• Brief: Return the data word for word. Pictures are to be omitted.

>>>>

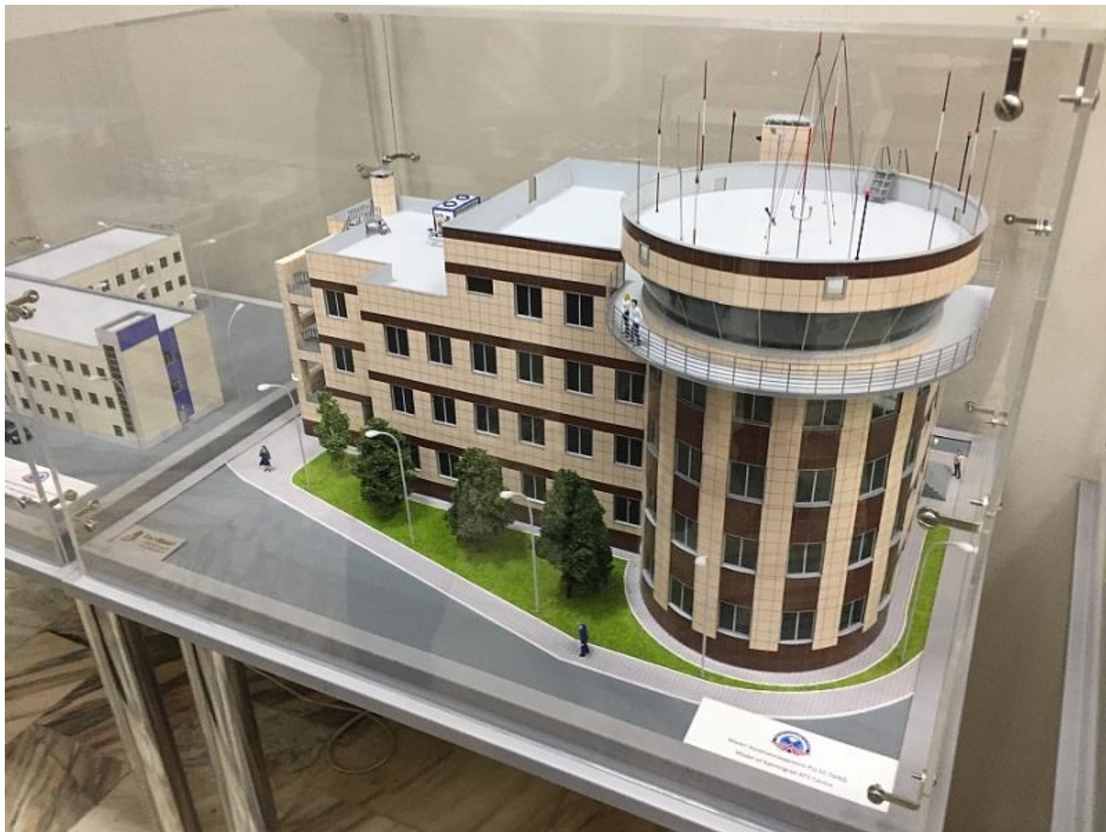
Калининградский РЦ ЕС ОрВД – обособленный проект в контексте строительства укрупненных центров.
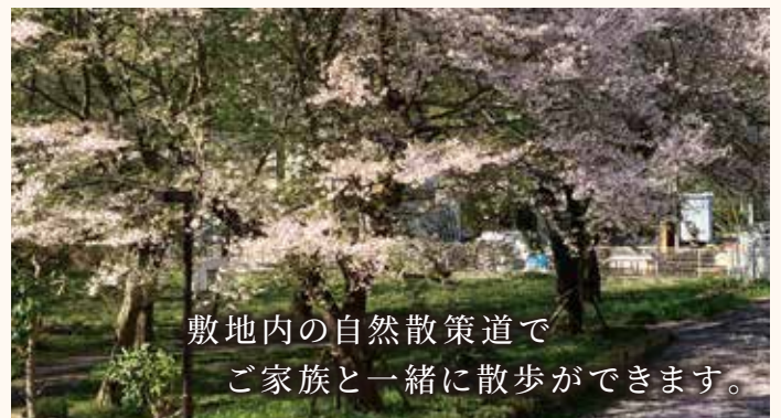
敷地内の自然散策道で ご家族と一緒に散歩ができます。
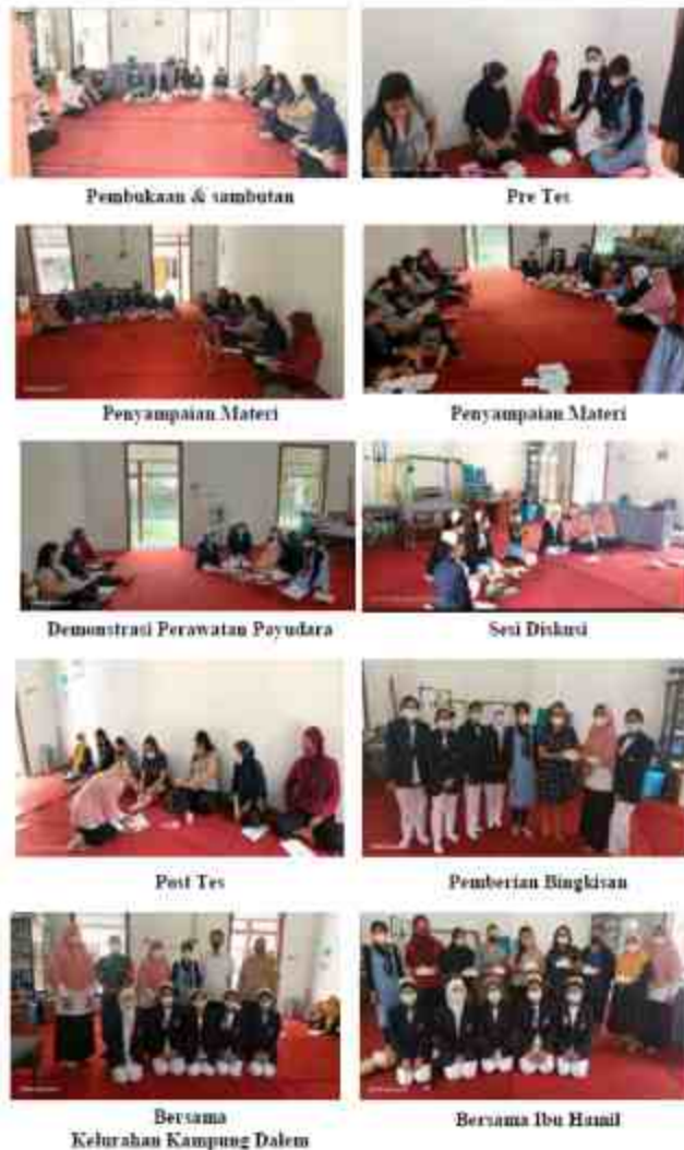
Gambar 2. Kegiatan Penyuluhan

Program pengabdian kepada masyarakat yang berupa pemeriksaan kesehatan, konseling dan penyuluhan kesehatan mengenai "Teknik Perawatan Payudara dan Manfaat ASI", dapat meningkatkan pengetahuan ibu hamil tentang : pengertian perawatan payudara, tujuan perawatan payudara; manfaat perawatan payudara, pengertian ASI, manfaat ASI, persiapan alat perawatan payudara dengan lengkap dan benar dan melaksanakan cara perawatan payudara dengan benar [7]. Melalui kegiatan ini ibu hamil dapat mengambil keputusan dalam memanfaatkan fasilitas layanan kesehatan di masyarakat khususnya di Kelurahan Kampung Dalem kota Kediri dalam upaya memaksimalkan cakupan ASI eksklusif. Hal tersebut terbukti dari Rekap hasil Kuesioner sebelum dan sesudah diberikan penyuluhan [8]. Sebelum diberikan penyuluhan sebanyak 3 ibu hamil (30%) dengan pengetahuan baik dan setelah kegiatan terdapat peningkatan menjadi 8 ibu hamil (80%) dengan pengetahuan baik. Hal ini menunjukkan peserta sangat antusias untuk meningkatkan pengetahuan mereka tentang pentingnya edukasi teknik perawatan payudara dan manfaat ASI [9].
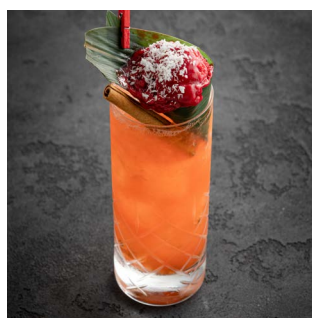
JUNGLE CALLS 1200.

Онегин Курага, Liqueur d'Abricot Brandy, игристое Prosecco

<<<<

• Expected answer:
Калининградский РЦ ЕС ОрВД – обособленный проект в контексте строительства укрупненных центров.
敷地内の自然散策道で ご家族と一緒に散歩ができます。
Gambar 2. Kegiatan Penyuluhan

Program pengabdian kepada masyarakat yang berupa pemeriksaan kesehatan, konseling dan penyuluhan kesehatan mengenai "Teknik Perawatan Payudara dan Manfaat ASI", dapat meningkatkan pengetahuan ibu hamil tentang : pengertian perawatan payudara, tujuan perawatan payudara; manfaat perawatan payudara, pengertian ASI, manfaat ASI, persiapan alat perawatan payudara dengan lengkap dan benar dan melaksanakan cara perawatan payudara dengan benar [7]. Melalui kegiatan ini ibu hamil dapat mengambil keputusan dalam memanfaatkan fasilitas layanan kesehatan di masyarakat khususnya di Kelurahan Kampung Dalem kota Kediri dalam upaya memaksimalkan cakupan ASI eksklusif. Hal tersebut terbukti dari Rekap hasil Kuesioner sebelum dan sesudah diberikan penyuluhan [8]. Sebelum diberikan penyuluhan sebanyak 3 ibu hamil (30%) dengan pengetahuan baik dan setelah kegiatan terdapat peningkatan menjadi 8 ibu hamil (80%) dengan pengetahuan baik. Hal ini menunjukkan peserta sangat antusias untuk meningkatkan pengetahuan mereka tentang pentingnya edukasi teknik perawatan payudara dan manfaat ASI [9].
JUNGLE CALLS 1200.

Онегин Курага, Liqueur d'Abricot Brandy, игристое Prosecco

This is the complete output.